If you exclude branches, integer division, and memory instructions, it's easy to...

DoofusOfDeath · on Nov 24, 2020

> If you exclude branches, integer division, and memory instructions, it's easy to perfectly model your program's performance.

Assuming you're right about that, those seem to me like very big caveats.

Also, wouldn't thermals-based clock throttling be a factor as well, assuming that we're talking about wall-clock performance instead of clock-cycles performance? I'd be surprised if their impact on program performance is easy to perfectly model.

jcranmer · on Nov 24, 2020

Superoptimization looks mainly at peephole optimizations. This is looking at small fragments of code, where you're trying to shave off one or two cycles. STOKE (which is the superoptimizer I alluded to in my comment) scales to dozens of instructions, and still requires loop-free code (because SMT solvers don't handle loops at all), and I'm not sure it handles branch cases more complicated than nested if-else [1].

The correctness oracles we need for superoptimization requires use of formal methods; basically SMT libraries these days. And modern SMT libraries tend to barely work when you deal with division (and remainder) operations, or if you use floating-point code [2].

So, essentially, the size of the programs that you can apply to this code generally means you can get away with ignoring these issues for such codes. The biggest exception is branch prediction, where a cmov is better than a branch if and only if the condition is unpredictable.

> Also, wouldn't thermals-based clock throttling be a factor as well, assuming that we're talking about wall-clock performance instead of clock-cycles performance?

Clock cycle performance will largely be monotonic in wall-clock performance, especially at the level of peephole optimization. You're not adjusting the amount of memory traffic, or other microarchitectural state significantly. The difference in energy between using a shift instruction versus a multiply versus an add isn't going to cause enough thermal difference to throttle the fans. In order to really increase energy usage enough to change frequency, you'd have to go from unvectorized code to using largest register width, and that just isn't going to happen in a superoptimizer--your loop and SLP vectorizer will be the one to change that. And once you've triggered the AVX-512-heavy frequency level, you're still going to want to use the variant of that that uses fewer clock cycles anyways.

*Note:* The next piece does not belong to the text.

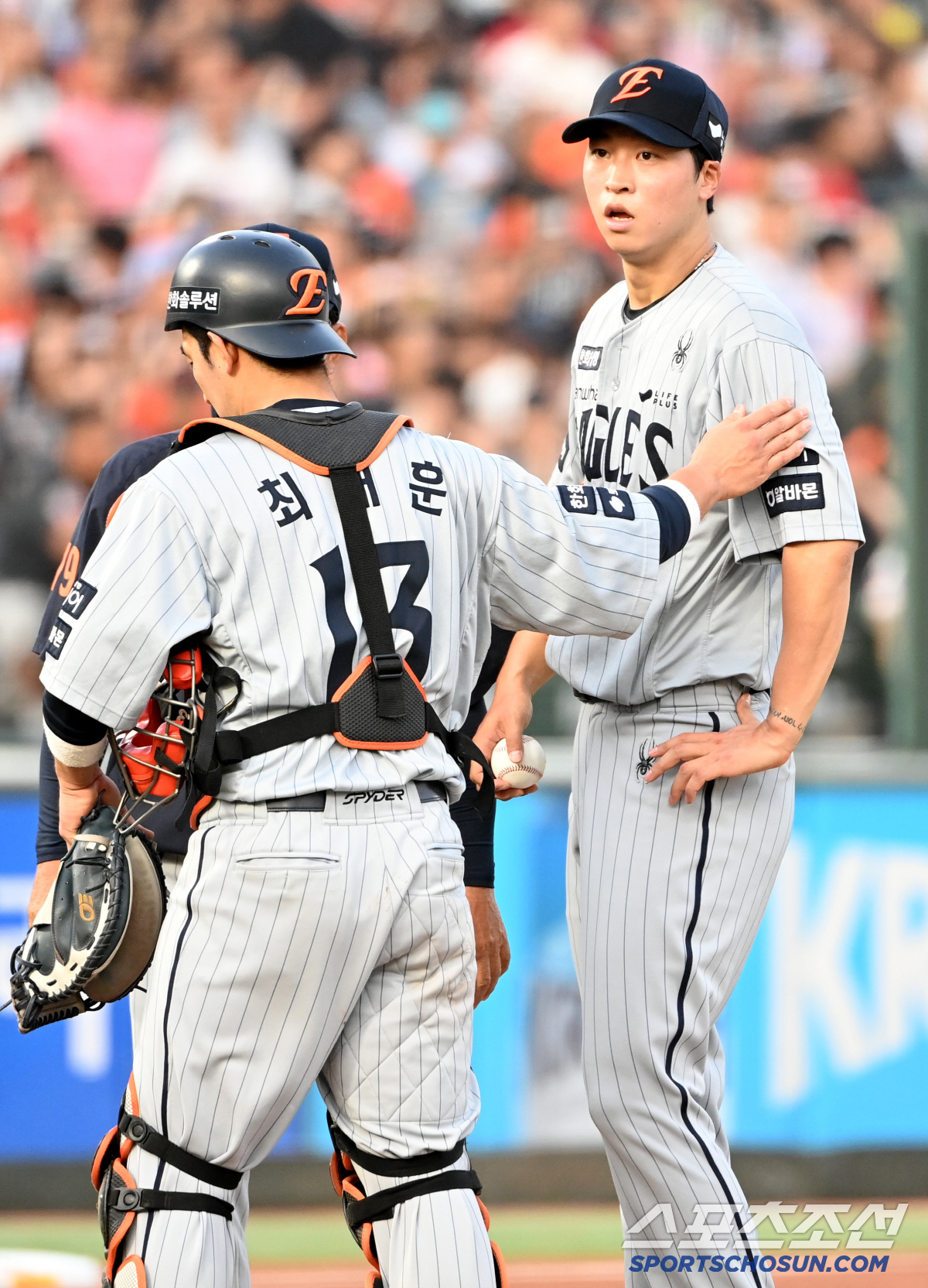 18일 부산 사직야구장에서 열린 한화와 롯데의 경기, 2회말 2사 1루 한화 엄상백이 롯데 김동혁에 안타를 내준 후 이어진 실책으로 실점하자 양상문 투수코치와 최재훈이 마운드에 올라와 이야기를 하고 있다. 부산=허상욱 기자wook@sportschosun.com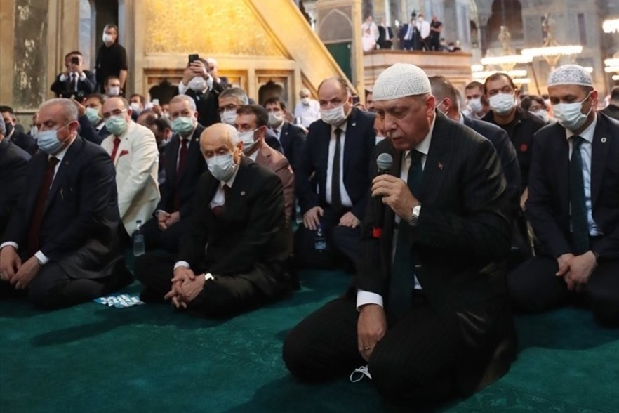 به گزارش ایکنا به نقل از خبرگزاری آناتولی ترکیه، رجب طیب اردوغان، رئیس جمهور ترکیه پس از زیارت قبرستان کاراجا احمد، نماز جمعه امروز، ۲۵ تیر را در مسجد کبیر ایاصوفیه اقامه کرد.

[1] It might work based on enumerating every path via path conditions, which could handle threaded jumps, but means complexity is roughly exponential in the number of conditions. Given that we're not really pushing hundreds of instructions yet, that means that branching has to be very minimal in anything our current engines can work with.

[2] The typical approach here I believe is uninterpreted functions, so that SMT is largely only capable of applying the commutativity, associativity, distributivity, and other axioms you put into it.

glangdale · on Nov 25, 2020

I've done some very, very preliminary work to pave the way towards iteration and recursion in superoptimizers, but you are correct that "straight-line over tiny problems" is mostly where it's at.

Even multiplication ops are a real bear for SMT. I can get them to work, but they are way more expensive than other arithmetic.

From what I understand, the whole 'approximate with uninterpreted functions' stuff can be done under the hood by SMT solvers during bit-blasting - from what I understand, more expensive operations can be expanded lazily (and until then treated as UFs) in the hope that useful properties emerge. Logics that have floating point theories do exist in the SMT benchmarks but like a big coward I haven't played with them.

You can't entirely ignore cost issues in a superoptimizer - the difference between, say, a latency = 3 instruction like a multiply and a latency = 1 operation might be decisive. But (a) there are ways to model this in your optimization process and (b) fine differences of cost aren't the primary issue when superoptimizing anyhow. The later point is decisive - I have a benchmark (on bytewise set membership) in my superoptimizer where I example 25 million 4-instruction specializations and there are only 7 solutions. I think I can spend a few extra cycles evaluating with of those 7 will be faster under a range of transforms, etc etc - the expensive part was finding 7/25M solutions to begin with (or, as is often the case, finding 0/25M solutions).